4.1 Considerações sobre as interações grupais

O primeiro encontro foi marcado por grandes expectativas. A psicóloga que auxiliaria na observação da dinâmica do grupo ajudou na organização da sala e na recepção dos participantes. Não sabíamos quantos professores efetivamente compareceriam, e por isso, o encontro iniciou vinte minutos mais tarde quando entendemos que já tínhamos número suficiente de participantes (8) para iniciar o grupo focal. Alguns imprevistos pessoais, comentados pelos participantes presentes, impediram a vinda dos demais Segundos Professores13 selecionados.
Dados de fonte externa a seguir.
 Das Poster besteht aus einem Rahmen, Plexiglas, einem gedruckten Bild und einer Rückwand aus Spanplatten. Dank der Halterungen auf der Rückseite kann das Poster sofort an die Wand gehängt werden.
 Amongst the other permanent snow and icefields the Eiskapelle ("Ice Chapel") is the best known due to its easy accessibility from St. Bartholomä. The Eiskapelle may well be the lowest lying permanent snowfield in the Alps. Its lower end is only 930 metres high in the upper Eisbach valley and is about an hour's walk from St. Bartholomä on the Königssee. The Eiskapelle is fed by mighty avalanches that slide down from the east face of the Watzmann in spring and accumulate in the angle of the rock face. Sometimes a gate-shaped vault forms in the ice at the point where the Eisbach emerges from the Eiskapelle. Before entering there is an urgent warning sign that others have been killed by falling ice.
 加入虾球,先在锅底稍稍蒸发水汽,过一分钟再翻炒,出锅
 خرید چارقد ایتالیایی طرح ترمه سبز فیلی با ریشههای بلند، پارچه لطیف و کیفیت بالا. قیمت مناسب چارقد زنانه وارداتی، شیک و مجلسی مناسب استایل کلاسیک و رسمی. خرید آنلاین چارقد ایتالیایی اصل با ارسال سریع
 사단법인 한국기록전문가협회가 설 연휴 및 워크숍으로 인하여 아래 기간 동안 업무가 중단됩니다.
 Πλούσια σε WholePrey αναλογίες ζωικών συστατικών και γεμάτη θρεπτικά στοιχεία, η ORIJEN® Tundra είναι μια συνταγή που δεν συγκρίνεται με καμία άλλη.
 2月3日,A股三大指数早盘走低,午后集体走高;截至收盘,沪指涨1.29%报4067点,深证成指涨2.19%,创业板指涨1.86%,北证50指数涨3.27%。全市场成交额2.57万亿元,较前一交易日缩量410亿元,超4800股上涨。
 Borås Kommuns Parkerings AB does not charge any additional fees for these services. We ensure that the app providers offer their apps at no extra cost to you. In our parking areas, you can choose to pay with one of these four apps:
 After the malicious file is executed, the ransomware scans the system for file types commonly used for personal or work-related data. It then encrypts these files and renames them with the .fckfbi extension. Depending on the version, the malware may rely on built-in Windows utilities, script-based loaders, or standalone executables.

Quando chegaram até a sala de reuniões, os professores que se conheciam foram sentando-se perto uns dos outros, enquanto os professores que vinham de outras cidades sentaram-se dispersamente nas cadeiras de auditório.

Compreendemos inicialmente que havia um esforço dos professores em estarem ali já que a maioria deles teria vindo diretamente de seus locais de trabalho. Visivelmente as professoras, todas mulheres, chegaram até o encontro cansadas. Algumas delas mal haviam chegado e já perguntavam pelo horário de término do encontro. Isso nos sinalizava sobre a notável condição de fadiga dos participantes e especialmente, do desafio em vencer as situações de cansaço pelo engajamento dos participantes nas discussões em grupo com foco nas interações grupais.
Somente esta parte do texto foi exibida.